Where have all the journalists gone? More bad reporting on Avandia
I thought journalists were supposed to be impartial, report multiple sides of the story, and only use facts. At least in the case of reporting on prescription medications, Avandia in particular, it seems those “rules” no longer apply.
Today the Wall Street Journal announced that the FDA Weights Halting Avandia Safety Study .
They are basing this report on a Letter written to Sen. Grassley on 3/30 by the FDA commissioner in response to Grassley’s findings on the FDA’s handling of Avandia. If I were a journalist (and I don’t pretend to be one), after reading this letter, the headlines I might have suggested to my editor would have been:
FDA to Grassley: You Have to Wait Until July or
FDA seeks Big Gun in Institute of Medicine to Help with Avandia
Nowhere in the 5 page letter does it say ANYTHING about the FDA considering halting an ongoing study. Here is the particular section that the journalists from the Wall Street Journal are basing their headline on:
“I recognize that head to head safety trials can pose challenging ethical questions. On the one hand, such a trial, by its very nature, must be conducted in the face of a safety concern. One the other hand, if one therapy is clearly inferior to the other, then such a trial should not be conducted, because it would place one group of patients at unnecessary risk.”
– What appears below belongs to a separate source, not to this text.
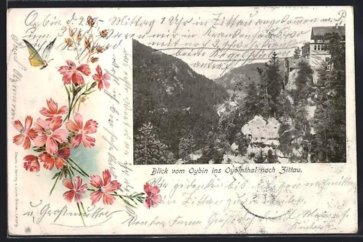 AK Oybin, Blick vom Oybin ins Oybintal nach Zittau
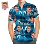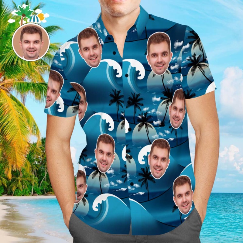Custom Face Hawaiian Shirt Men's Popular All Over Print Shirt Waves Coconut Tree Holiday Gift

Though the next paragraph mentions that some experts believe that Avandia is inferior to Actos, the paragraph concludes that some experts, in particular the American College of Cardiology and the American Heart Association, have not come to these conclusions.
I implore you to read the entire letter, and read it in the context that the head of the FDA is writing this letter in response to a Senator who wrote a very public and scathing report on how their operation is run. The report does not read, “thank you senator, we were wrong and will consider stopping this dangerous trial.” Rather, what the report actually says is that safety is important to the FDA, in 2005 they became aware of a questionable safety issue but decided it did not warrant going public, when it did (with pressure from Sen. Grassley) the FDA met in July 2007 and decided to keep Avandia on the market, there has been new, more robust data since 2007 which seems to indicate that Avandia is safe, and we have already planned (even before the Grassley report came out) to meet this July to review all the data again.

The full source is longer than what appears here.